§ **What is being asked**
Return the full listing character for character, without its pictures.

§ **Exercise data**
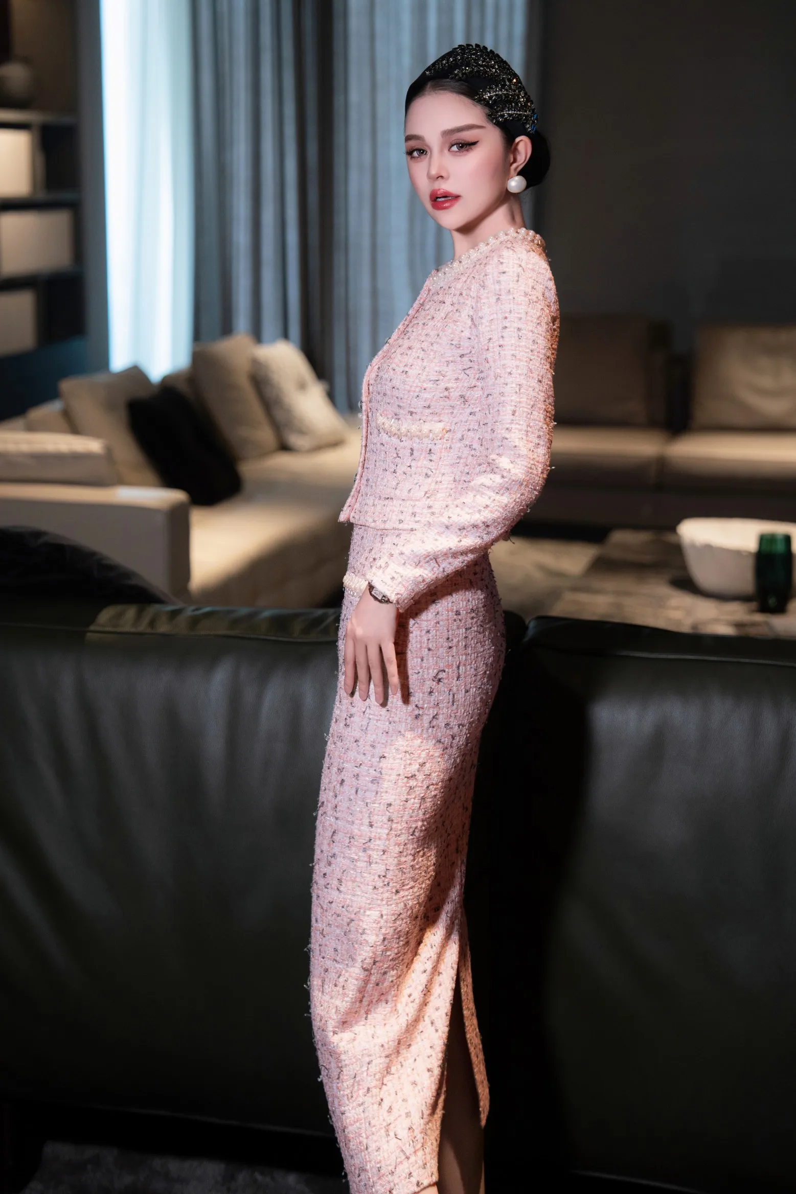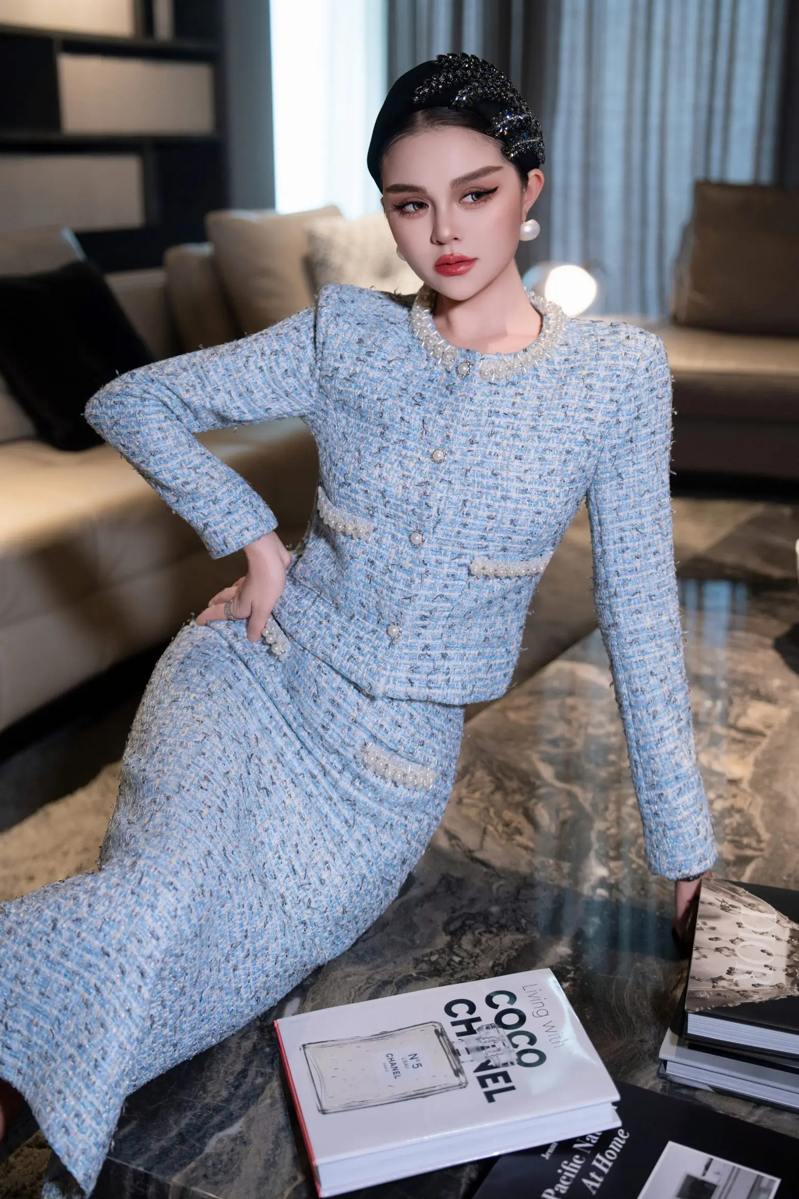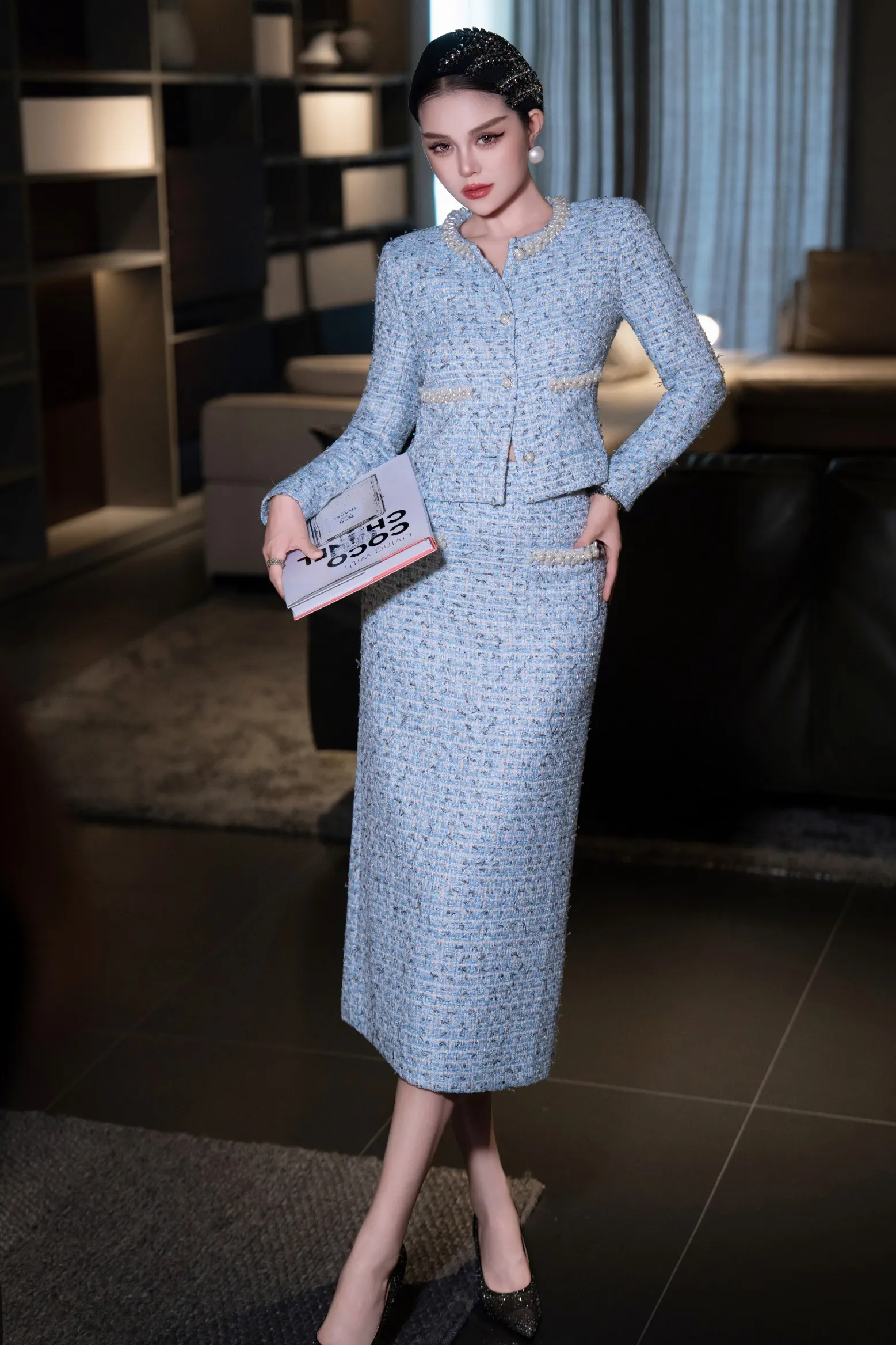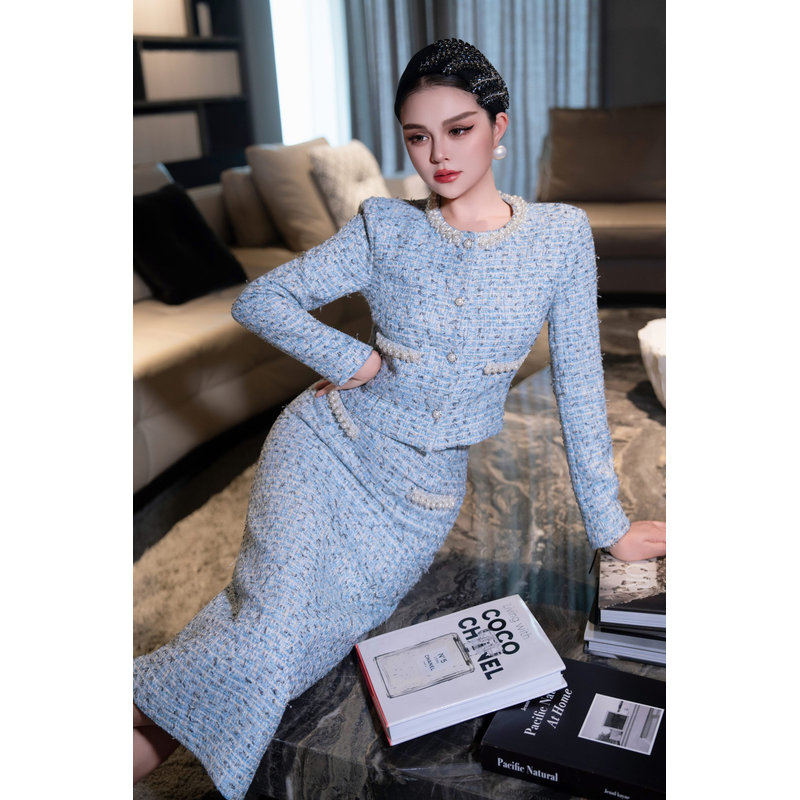 ZJYT Elegant Luxury Pearls Beading Tweed Jacket and Long Skirt Suit Autumn Winter Womens Two Piece Outfit 2025 Party Dress Sets
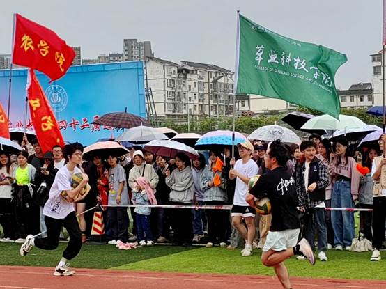 跳绳比赛中,学院长绳队员们训练有素,比赛全程迅速流畅,向大家展现了草业学子的青春与自信;拔河比赛中,我院运动员们个个卯足了劲,在体型没有优势的情况下,依然坚定目标,用行动展现着坚持不屈和永不言弃的运动精神;抱球迎面接力中,我院健儿团结、敢拼的精神得以体现,每一次的交接与冲刺不仅是对个人能力的挑战,更是对团队默契的考验,赛道两旁连绵的掌声与欢呼声就是对他们最好的肯定与赞美;毛毛虫竞速赛中,运动健儿们协作得“天衣无缝”,熟练和快速的交接过程是比赛背后默默无闻、辛苦训练的最好表现。
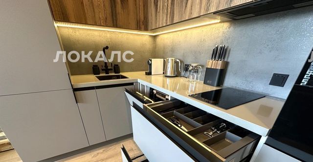 1087501 код объекта. Сдаётся стильная 1-комнатная квартира 44,5 м² на 22-м этаже в бизнесклассе ЖК Crystal, в зелёном и спокойном Хорошёв-Мнёвниках. Абсолютно новый ремонт — вы будете первым жильцом.
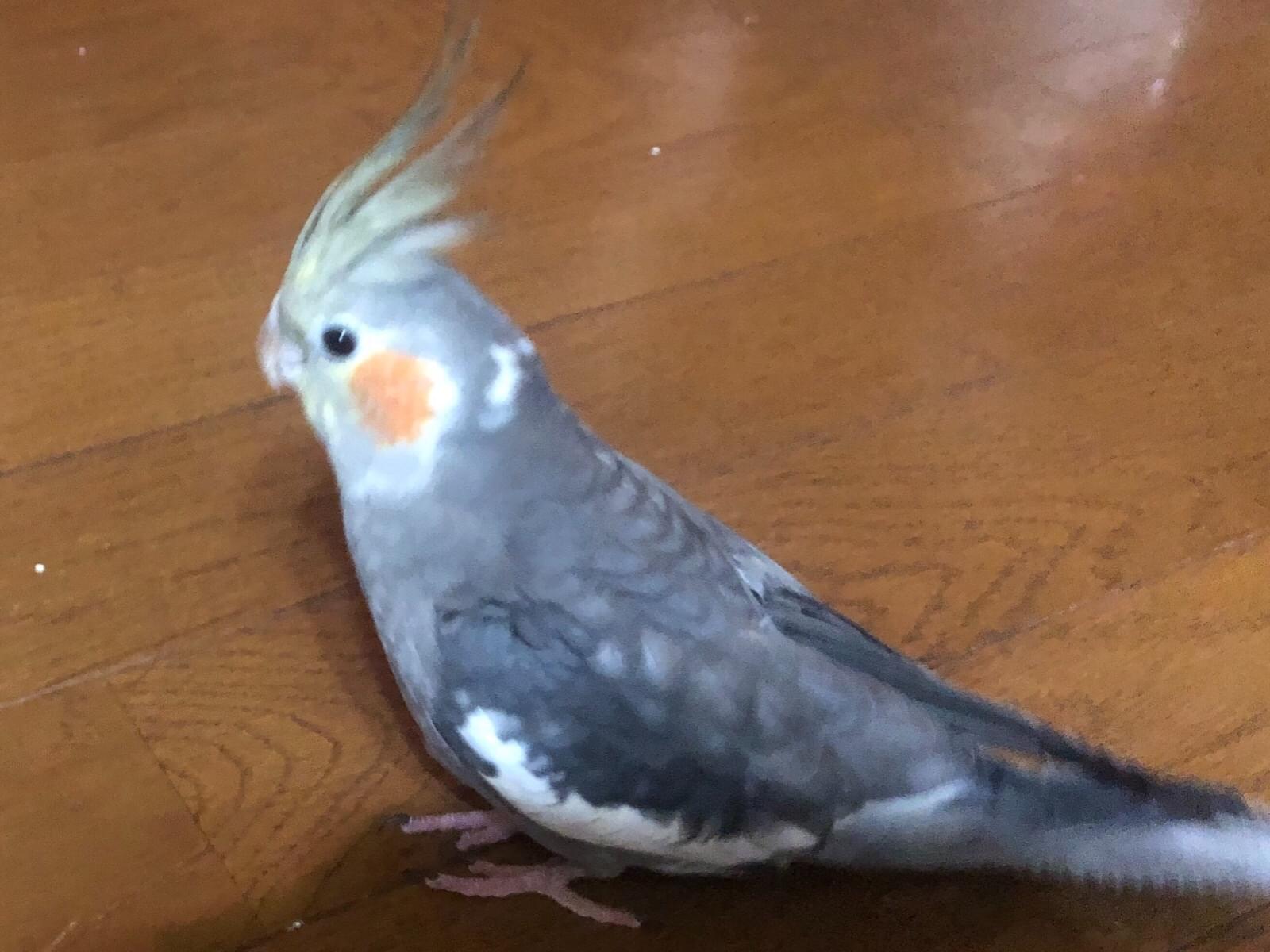 自分の名前シーちゃん、おはよう、おいて、鳩ぽっぽがはなしできます!トサカは黄色、ほっぺは、オレンジで、後体は、グレー羽には、白が混ざってます!肩に乗るより、頭に止まることが多いです。とても、人馴れしています。

§ **Answer space**
 ZJYT Elegant Luxury Pearls Beading Tweed Jacket and Long Skirt Suit Autumn Winter Womens Two Piece Outfit 2025 Party Dress Sets
 跳绳比赛中,学院长绳队员们训练有素,比赛全程迅速流畅,向大家展现了草业学子的青春与自信;拔河比赛中,我院运动员们个个卯足了劲,在体型没有优势的情况下,依然坚定目标,用行动展现着坚持不屈和永不言弃的运动精神;抱球迎面接力中,我院健儿团结、敢拼的精神得以体现,每一次的交接与冲刺不仅是对个人能力的挑战,更是对团队默契的考验,赛道两旁连绵的掌声与欢呼声就是对他们最好的肯定与赞美;毛毛虫竞速赛中,运动健儿们协作得“天衣无缝”,熟练和快速的交接过程是比赛背后默默无闻、辛苦训练的最好表现。
 1087501 код объекта. Сдаётся стильная 1-комнатная квартира 44,5 м² на 22-м этаже в бизнесклассе ЖК Crystal, в зелёном и спокойном Хорошёв-Мнёвниках. Абсолютно новый ремонт — вы будете первым жильцом.
 自分の名前シーちゃん、おはよう、おいて、鳩ぽっぽがはなしできます!トサカは黄色、ほっぺは、オレンジで、後体は、グレー羽には、白が混ざってます!肩に乗るより、頭に止まることが多いです。とても、人馴れしています。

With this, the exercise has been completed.